Human genetic clustering is, roughly speaking, an approach that uses cluster analysis to study patterns in genetic data; it is a set of methods to characterize populations within studies. The problem is that this article is (and always has been) solely about the clusters themselves with close to no text dedicated to explaining how clusters are determined or what the actual process is. Virtually every modern study of human population genetics includes some type of cluster analysis, and they will always find clusters, leading us to the current coat-racked article revolving around group differences, race, ethnicity, and genetics. The article's current structure (to talk about clusters rather than the clustering algorithms, their applications, and interpretations/results) is designed to be a battlefield of POV-pushing, which we see with its contentious edit history and frequent visits from socks and trolls. Its original creator was banned long ago for being a sockpuppet account of a user who edit-warred on race-related articles like race and intelligence so I believe this article was not created in good faith or with good understanding of the topic.

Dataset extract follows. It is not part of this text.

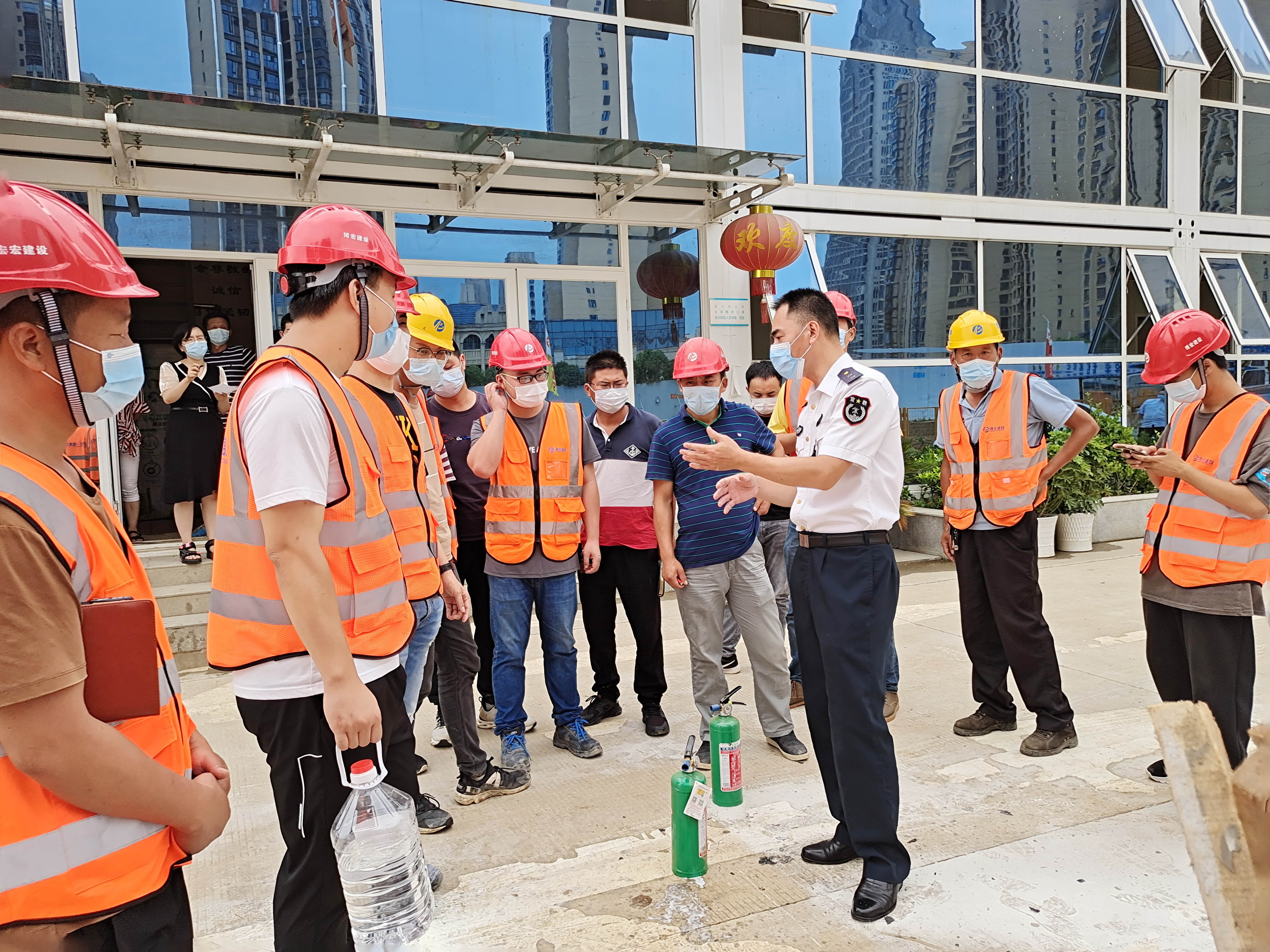 演練中,公司邀請到湖北省楚安防火宣教中心謝小秋教官來到項目現場進行了消防安全知識講解。期間,重點介紹了各類滅火器的使用方法和適用場景,并現場進行了演示。

There is a good article to be written on the topic as it relates to algorithms, inference, and major findings related to population histories, but there is no version of the existing article that would make a good base for that. In summary:

  • This article does not actually cover the topic it claims to. Virtually none of the text is dedicated to clustering, and almost all of it is dedicated to discussions of group similarities/differences or arguments about race and genetics
  • It is basically unreadable, consisting of duelling blocks of quotes that leaves readers with less understanding of the topic.
  • It reads like an argumentative essay and is original synthesis. Citing (talk) 15:31, 29 October 2020 (UTC)[reply]
  • Comment: This is one of a cluster of articles that have been progressively lengthened by the thorny debates over race and genetics. That debate is of social and (to a lesser degree) scientific significance and ought to be covered somewhere on Wikipedia, and its intersection with a series of studies of human genetic clustering led to enormous amounts of coverage in both scientific and mainstream news RS. The overlap between genetic clustering and race spawned enough discussion to spawn a Social Sciences Research Council forum, and a prominent edited volume on the issue, so it deserves coverage on Wikipedia.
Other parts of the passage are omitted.